7.1 At the outset, it is argued by the learned counsel that there is much delay in passing the impugned order by the Commissioner (Appeals) and therefore the order itself is non-est. The appeal was filed against the order passed by the adjudicating authority on 03.03.2023. Personal hearing was granted on 22.3.2023. Another opportunity of personal hearing was offered to the appellant on 18.04.2023. Thereafter, the impugned order has been passed with much delay only on 28.06.2023. Ld. counsel submitted that the copy of the impugned order was received by the appellant only on 01.09.2023. The delay in passing the impugned order by the Commissioner (Appeals) has caused much hardship to the appellant as the appellant has been prevented from reexporting the goods at the earliest. The goods have now been completely deteriorated and cannot be sold in the market. Ld. counsel submitted that as the goods have deteriorated and are not in a saleable condition, the imposition of redemption fine is not justified. Ld. counsel adverted to para-9 of the impugned order to argue that it has been noted by the Commissioner (Appeals) that there is no margin of profit as the goods are ordered to be re-exported and as the goods are of perishable nature. It is submitted that the appellant has incurred huge demurrage charges and redemption fine imposed may be set aside.
7.2 With regard to the penalty imposed under Section 112 (a) (i) of Customs Act, 1962 as well as Section 114AA of the Act ibid, learned counsel submitted that the purchase of goods was on high sea sale basis and that they are not the original buyer. It is argued by the learned counsel that appellant was unaware of the nongenuineness of the documents furnished by the supplier. It is submitted that the Commissioner (Appeals) in para-9 of the order has noted that the contention of appellant that they were not aware of the forgery of documents cannot be brushed aside completely, though there is room to doubt the bonafides of the importers.
7.3 The decision of the Tribunal in the case of Goyal Trading Co. & Others Vs CC Nhava Sheva – Final Order No.86357-86362/2023 dt.6.9.2023 was relied by the learned counsel to submit that when the goods are ordered to be re-exported the Tribunal had set aside not only the redemption fine but also the penalty imposed under Section 112 (a) of the Customs Act, 1962. The Ld. Counsel submitted that though there is an allegation of undervaluation, the appellant is not disputing the issue of enhancement of value of goods. It is prayed that the appeal may be allowed.
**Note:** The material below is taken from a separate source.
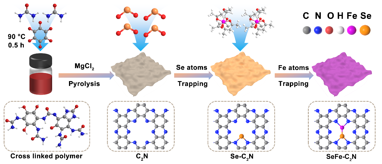 由于具有协同作用,双原子催化剂(DACs)因其明确定义的活性位点而受到广泛关注。然而,为了进一步构建明确的双原子位点并理解其在多步骤催化反应中的协同作用,仍需进行更多的实验研究和理论分析。为此,研究团队精确设计了一系列基于硒的不对称双原子催化剂,包括异核SeN2–MN2(M=Fe、Mn、Co、Ni、Cu、Mo等)活性位点,以提高氧还原反应(ORR)的效率。在这些设计的基于硒的双原子催化剂中,硒-铁双原子催化剂在碱性ORR中表现出优异的性能,其半波电位达到0.926 V(相对于可逆氢电极)。此外,基于SeN2–FeN2的锌-空气电池具有高比容量(764.8 mAh g−1)和最大功率密度(287.2 mW cm−2)。光谱表征和理论计算表明,异核硒原子通过短程调节有效极化了其他金属原子的电荷分布。此外,与单原子位点Se或Fe相比,SeFe双原子位点通过*O中间体的共吸附,显著降低了从*O到*OH的转换能量障碍。本研究为设计异核双原子催化剂以提高ORR效率提供了新的视角。

8. Ld. A.R Shri R. Rajaraman appeared and argued for the Department.
8.1 With regard to the contention put forward by the learned counsel that there is delay in passing the impugned order by Commissioner (Appeals), Ld. A.R submitted that though personal hearing was granted on 22.03.2023 the appellant did not appear for the hearing. Only on 18.04.2023 the appellant appeared and argued the matter. The order has been passed within 2 months after the personal hearing and there is no delay in passing the impugned order. The original authority though ordered for confiscation has given the opportunity to the appellant to reexport the goods which should have been availed by them. The appellant cannot submit that they have incurred huge loss because of delay in passing the impugned order as there is no delay in passing the order.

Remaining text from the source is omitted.